Penn Medicine is one of the world's leading academic medical centers, dedicated to the related missions of medical education, biomedical research, and excellence in patient care. Penn Medicine consists of the Raymond and Ruth Perelman School of Medicine at the University of Pennsylvania (founded in 1765 as the nation's first medical school) and the University of Pennsylvania Health System, which together form a $6.7 billion enterprise.

The Perelman School of Medicine has been ranked among the top five medical schools in the United States for the past 20 years, according to U.S. News & World Report's survey of research-oriented medical schools. The School is consistently among the nation's top recipients of funding from the National Institutes of Health, with $392 million awarded in the 2016 fiscal year.

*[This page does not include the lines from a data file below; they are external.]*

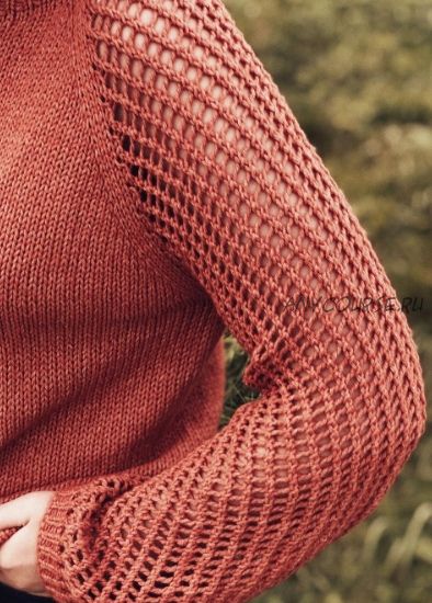 - Очень осенний, стильный джемпер с ажурными рукавами.
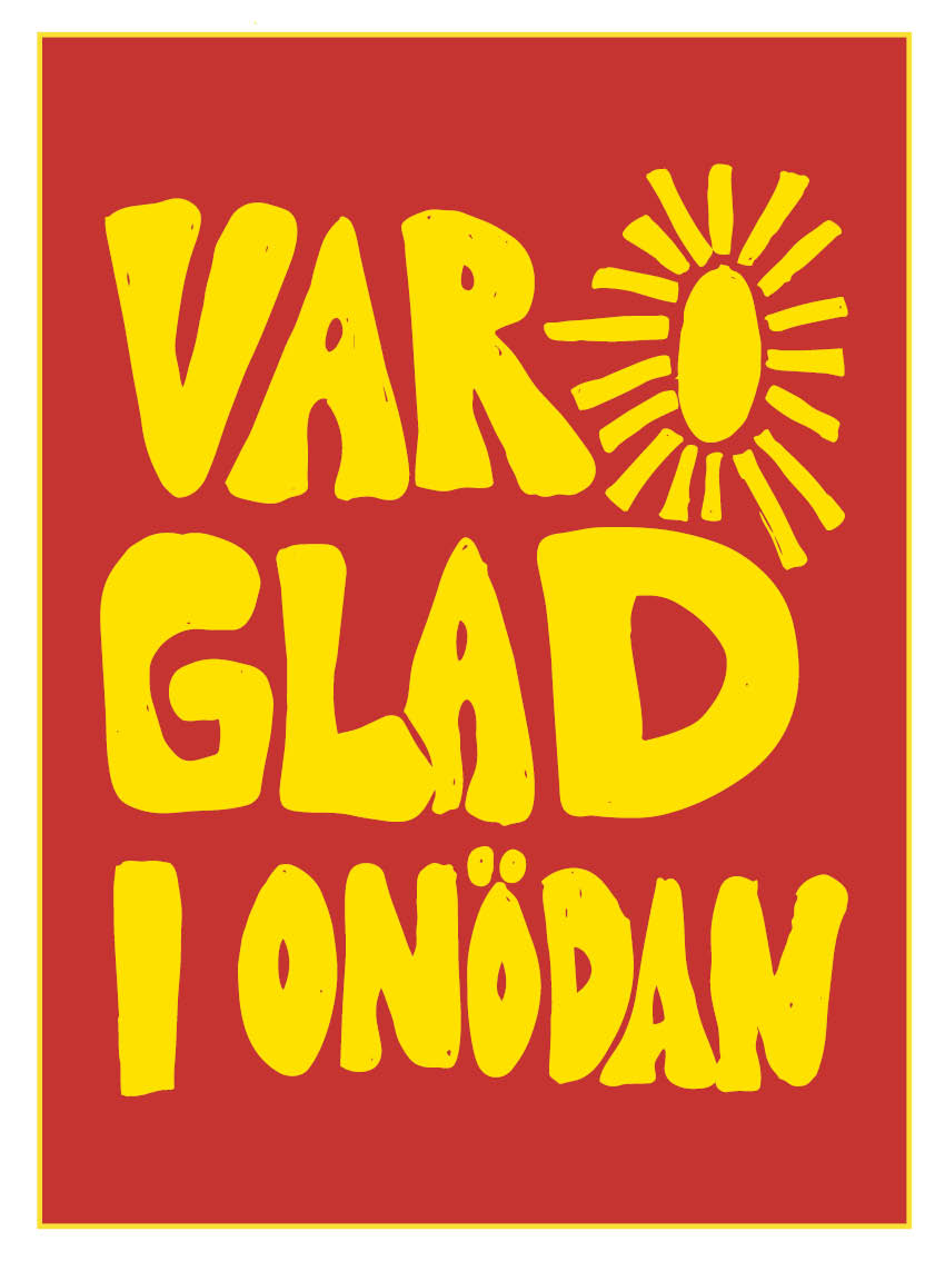 Vykort a6 glad i onödan röd/gul
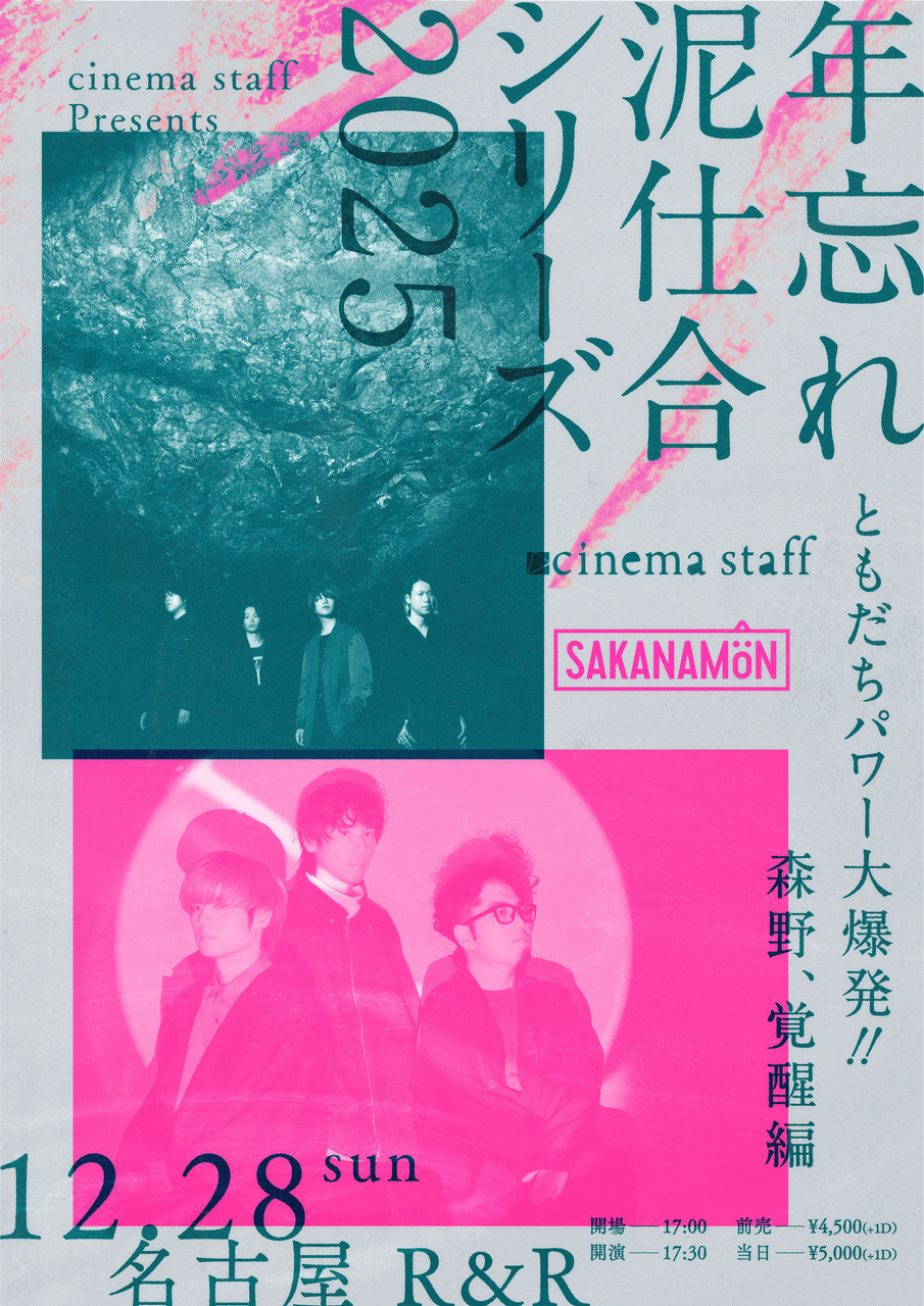 【イベント名】 cinema staff Presents 年忘れ泥仕合シリーズ2025 ともだちパワー大爆発!!森野、覚醒編 【会場】 CLUB ROCK’N’ROLL 【時間】 OPEN 17:00 / START 17:30 【出演】 cinema staff SAKANAMON 【チケット】 前売り:4,500円(D代別) <オフィシャル先行> ぴあ:https... MORE

The University of Pennsylvania Health System's patient care facilities include: The Hospital of the University of Pennsylvania and Penn Presbyterian Medical Center -- which are recognized as one of the nation's top "Honor Roll" hospitals by U.S. News & World Report -- Chester County Hospital; Lancaster General Health; Penn Wissahickon Hospice; and Pennsylvania Hospital -- the nation's first hospital, founded in 1751. Additional affiliated inpatient care facilities and services throughout the Philadelphia region include Good Shepherd Penn Partners, a partnership between Good Shepherd Rehabilitation Network and Penn Medicine.

Penn Medicine is committed to improving lives and health through a variety of community-based programs and activities. In fiscal year 2016, Penn Medicine provided $393 million to benefit our community.